If I understand that mode correctly, what you're asking for is impossible with single GPU configurations.

Wouldn't most people have IGP on their motherboard? Except for maybe older i7s. Easily tested.

#4997948

Im2bad

2015-01-23 15:41

Wouldn't most people have IGP on their motherboard? Except for maybe older i7s. Easily tested.

Of course, yes. Easy to forget that fact when you don't really ever need it.

#4997950

Fox2232

2015-01-23 15:44

As you are testing, I would ask you exactly opposite thing. Do not try to have minimal allocation before you start test. Do allocate even 1GB of vram before test, and terminate game after test allocates whole remaining 4GB. (if it allocates it only during bench itself and not in earlier part where it pauses, then kill game as soon as chunks start to get tested). This way you clear additional space which should not be allocated by benchmark. And if test does not show drop in performance after getting additional vram, issue is due to overhead.

#4997952

JohnLai

2015-01-23 15:45

Code looks solid, no logical/math errors. 1. Code allocates 128MB chunk by chunk till card runs out of memory (last sub 128MB block is not allocated). Therefore if you already allocate some when you run this code it allocates remaining memory and test should not be affected. 2. There were some experimental rewrites. I picked 3 definitions. 2 of them are fixed ones while 3rd is based on previous two. And I am really not sure why there is not fixed value for 3rd as it is based on 2 previous and they are not altered by code. 3. Only question I have is
__global__ void BenchMarkDRAMKernel(float4* In)
{
int ThreadID = blockDim.x *blockIdx.x + threadIdx.x ;
float4 Temp = make_float4(1);
Temp += In[ThreadID];
if (length(Temp) == -12354)
In[0] = Temp;
}
and its cache bench counterpart. As I am not sure what kind of overhead "blockDim.x *blockIdx.x + threadIdx.x " has. As those are CUDA related allocations. And where those are held. I would rather make something what allocates entire block, fills it with random incompressible data. and then bench some simple math operation over each chunk. Like negation since it is repeatable and always have same result. Would be much slower, would not give bandwidth, but would show if each chunk gets processed in same amount of time.

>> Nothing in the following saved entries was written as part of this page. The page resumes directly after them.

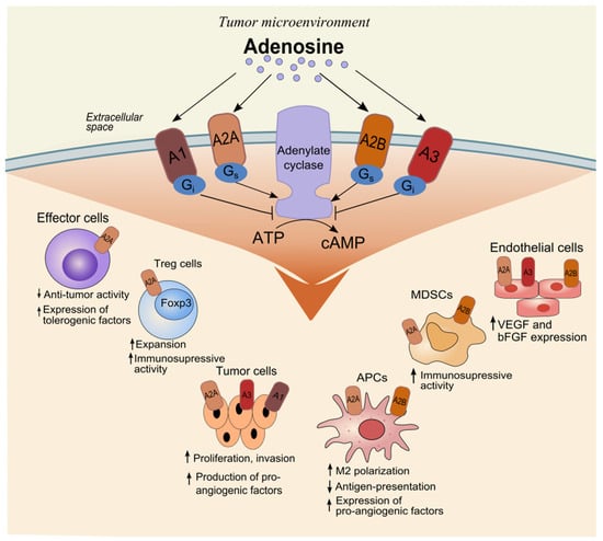 Receptors A1 (A1R) and A2A are highly affine to adenosine. In physiological conditions, adenosine functions via these receptors, while A2B and A3 are low affine receptors []. The type of G proteins activated in the stimulated cells determines the effect of each adenosine receptor. A1R and A3R are associated with Gi, Gq, and Go proteins. The A1R or A3R ligation on the immune cells can activate immune reactions due to the inhibition of adenylate cyclase activity and a decrease in the levels of cAMP. A2AR and A2BR are Gs-coupled. They induce the enzymatic activity of adenylyl cyclase and increase the intracellular level of cAMP. Besides, through cAMP activation, adenosine receptors are associated with MAPK, PKA, and EPAC signaling that control gene transcription, metabolism, proliferation, and apoptosis, which are important for tumor progression [,].
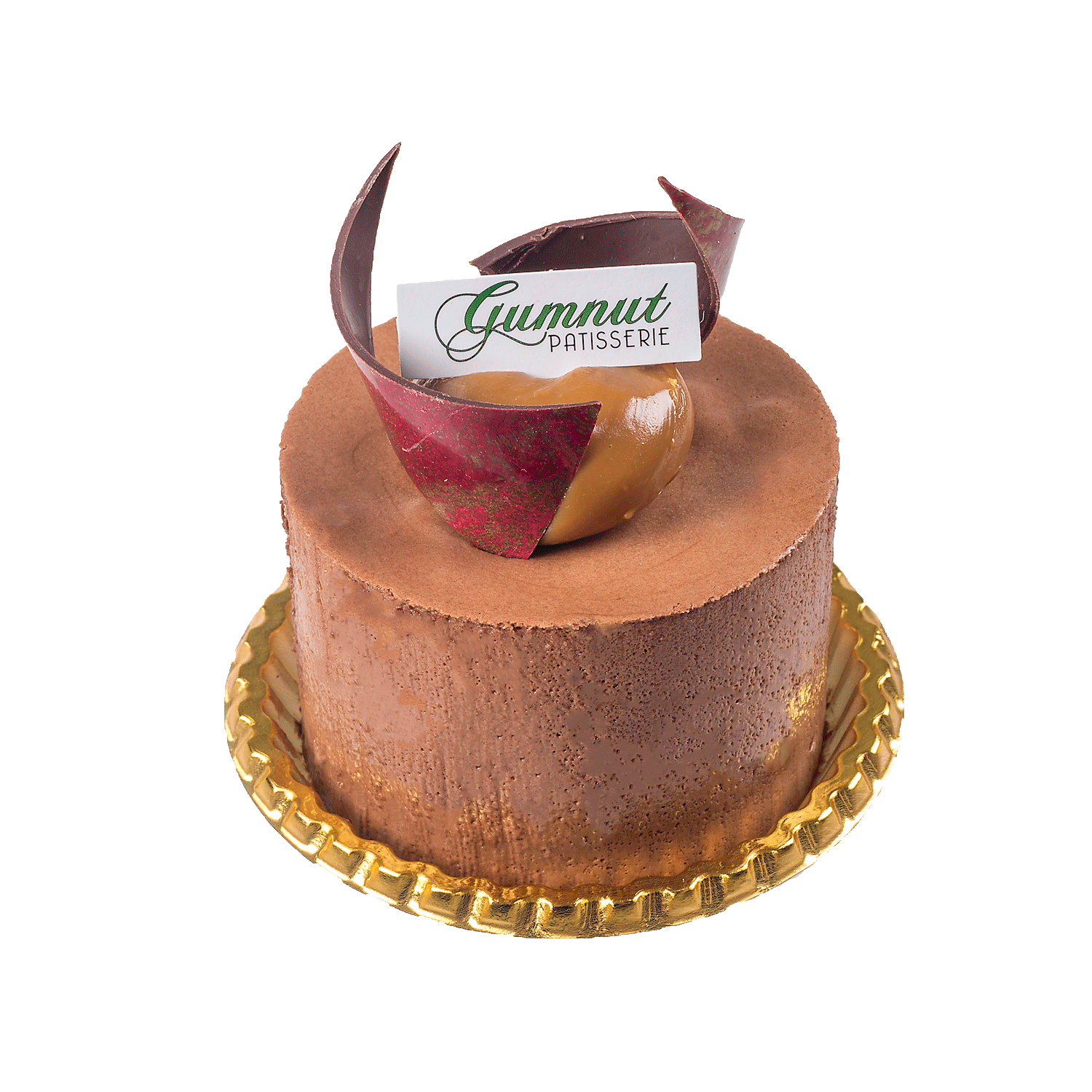A base of baked Chocolate Mousse with a soft caramel centre, topped with a light fluffy chocolate mousse. Garnished with our handmade chocolate decorations.
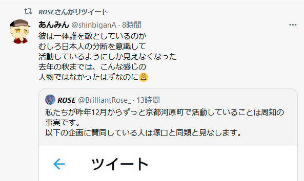 このマミさんの書き込みが相当頭に来たようで、塚口は京都グループの街宣に乗り込んできたようです。
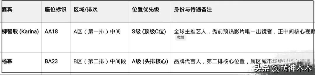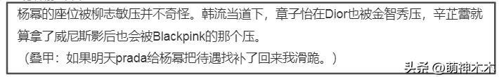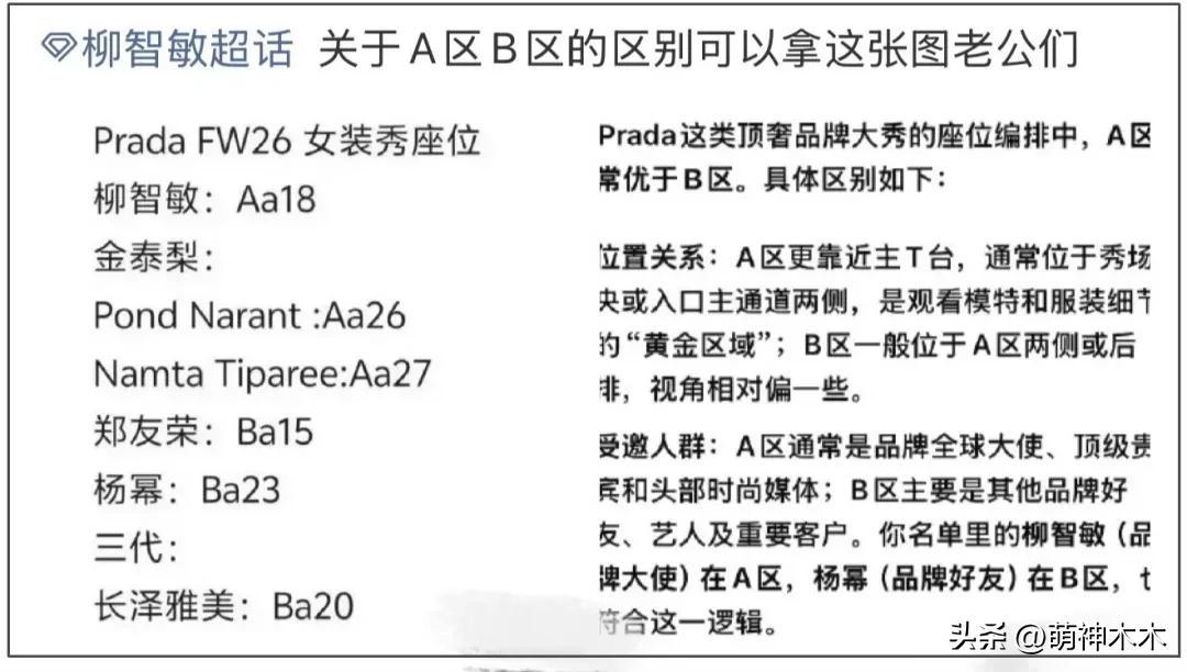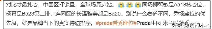 關於座位問題,柳智敏的粉絲列舉了A區與B區的區別,稱A區是第一排,全球主推的藝人,看秀視野也更好,B區則是稍微低一級別的藝人,是品牌大使和品牌好友的區別,柳智敏待遇就是比楊冪好。

Hmm, I see....Perhaps you would like to tell this crucial information to Nai at that forum. I can't speak german.......:bang:

#4997957

sykozis

2015-01-23 15:48

Wouldn't most people have IGP on their motherboard? Except for maybe older i7s. Easily tested.

Why should people have to alter their configuration just to test a theory? Especially a theory that can not be definitively proven? While I trust Fox's evaluation of the source code, even he can't guarantee that there is not a flaw somewhere causing "unusual" results. If there was actually a "flaw", then all the results would fall within a respectable margin of error, which based on the screen shots posted here is not happening. Using CUDA to demonstrate a flaw is already creating a flaw in the testing to begin with. CUDA is an NVidia IP so it should not have been used and any results derived from a CUDA based test should be disregarded.

#4997958

Pill Monster

2015-01-23 15:50

Fresh user.....T_T....okay.... Pill monster, could you take a look on Nai source code? See if there is any issue with the code? I admit I am not coding literate.

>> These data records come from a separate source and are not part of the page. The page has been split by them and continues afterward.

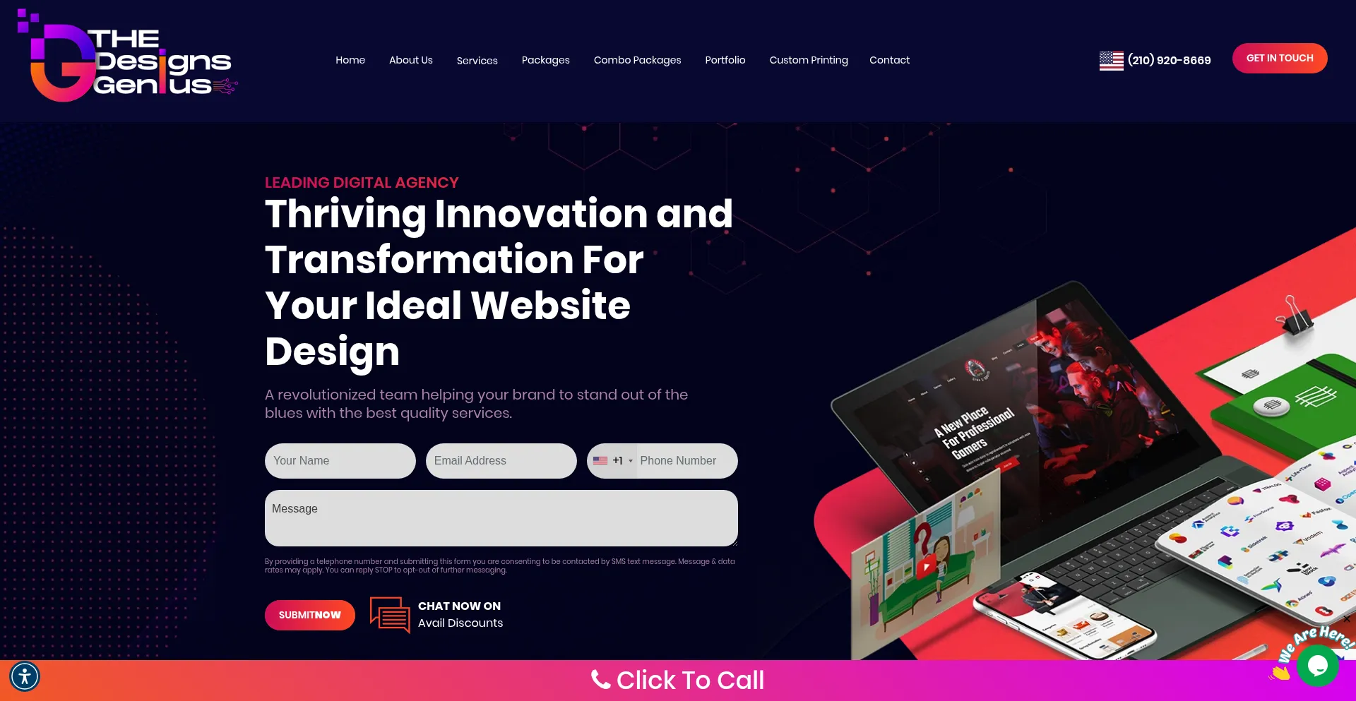 El sitio web implementa formularios de recolección de datos solicitando información personal incluyendo nombres, direcciones de correo electrónico, números de teléfono u otros detalles sensibles. Los usuarios deben verificar la legitimidad de thedesignsgenius.com y revisar políticas de privacidad antes de enviar datos personales.
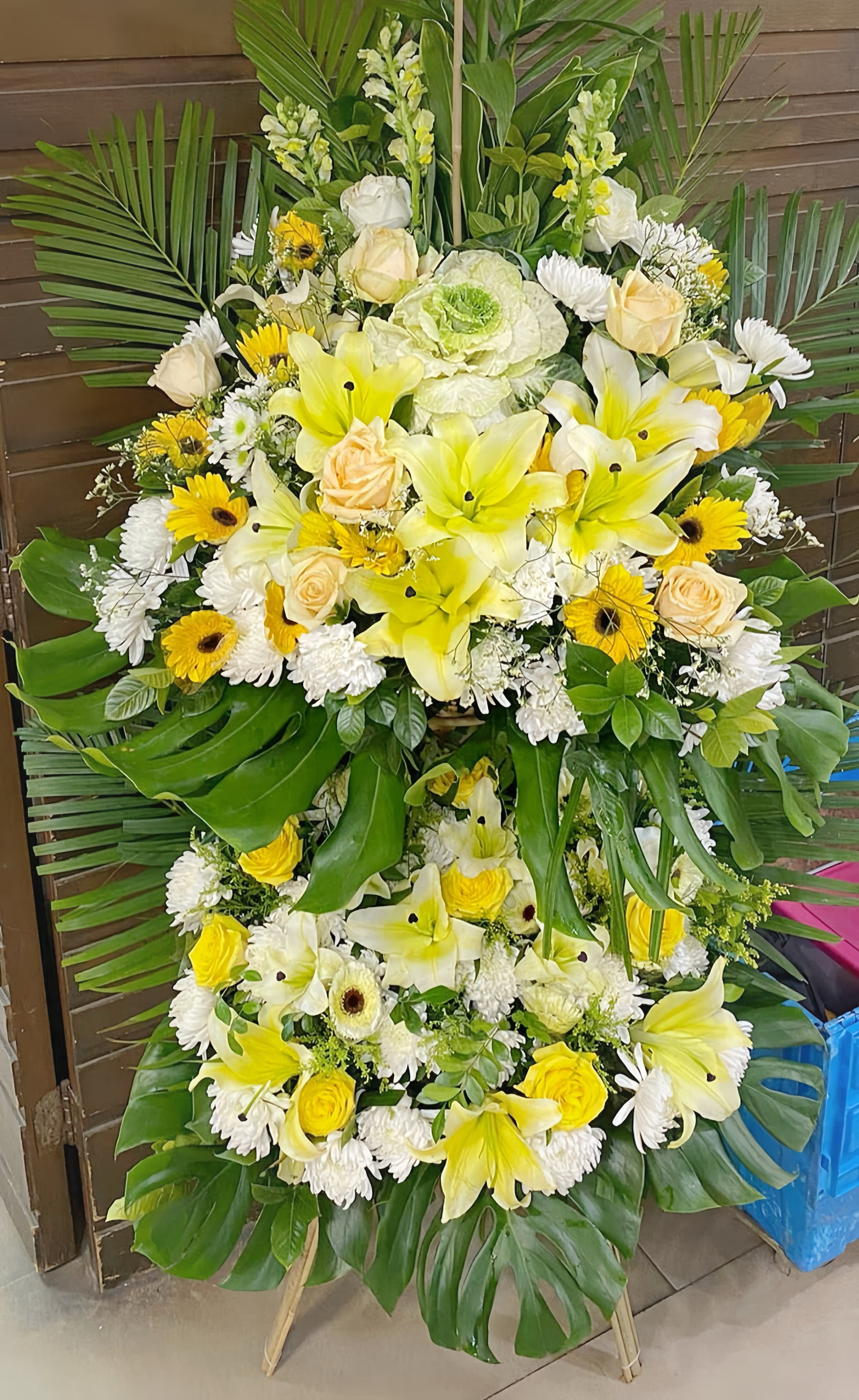 這款雙層帛事花牌,由專業帛事花店製作。即日送達世界殯儀館等 其他港九新界殯儀館,附免費敬意卡,
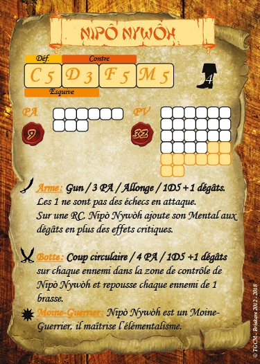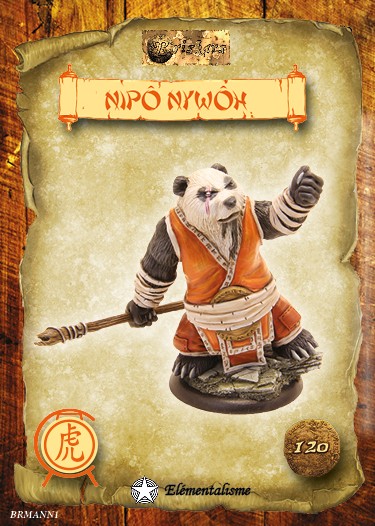 Nipô Nywôh est l’un des grands sages du temple principal de Ming Dao. Il a préféré l’art de la guerre à celui de la méditation, mais dispense sa magie pour galvaniser ses troupes et les rendre plus rapides au combat. Moine guerrier il peut utiliser le sort « Mantra » livré avec les Senglù.
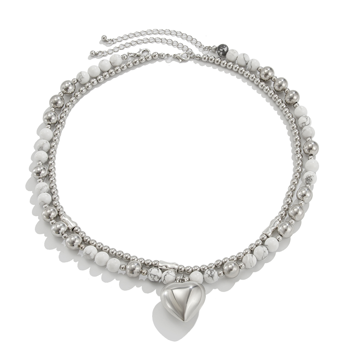 2件套桃心CCB仿松石珠子项链套装欧美新潮时尚网红气质叠戴锁骨链
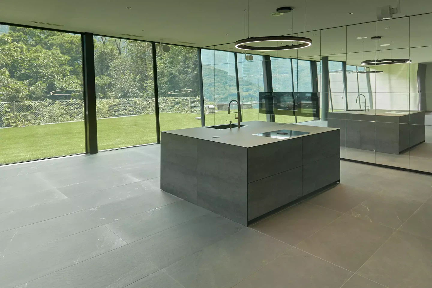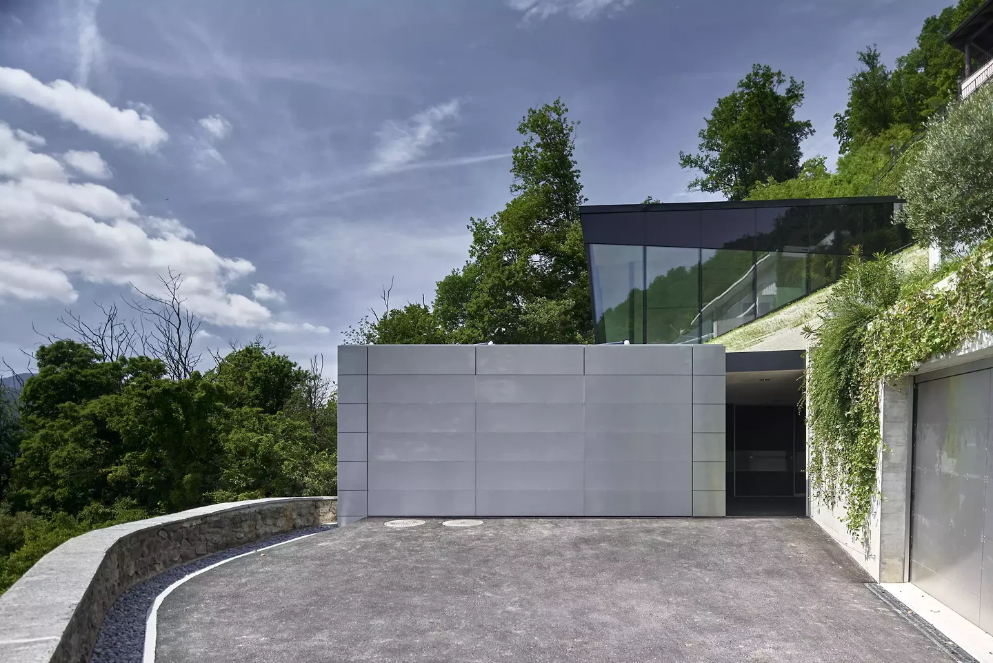 Das Einfamilienhaus erstreckt sich über drei separate Ebenen und nutzt die bergseitige Felsausgrabung, um die nutzbaren Flächen zu maximieren und einen kontinuierlichen Dialog zwischen Innen und Aussen zu schaffen:Der Untergeschoss (Wellnessbereich): beherbergt den Wellness- und Fitnessbereich mit einem Innenpool, einer Sauna und einem Dampfbad.

Just to clarify, what that OCN guy said regarding fresh users wasn't directed at you specifically, nor did I mean it that way. 🙂 Instead it was illuminating a theme which seems to be constantly reoccurring in this situation. Similar comments have also been made on AnandTech..... And I don't know anything about coding so I can't help you there sorry. Coding is one of the things I know least about tbh.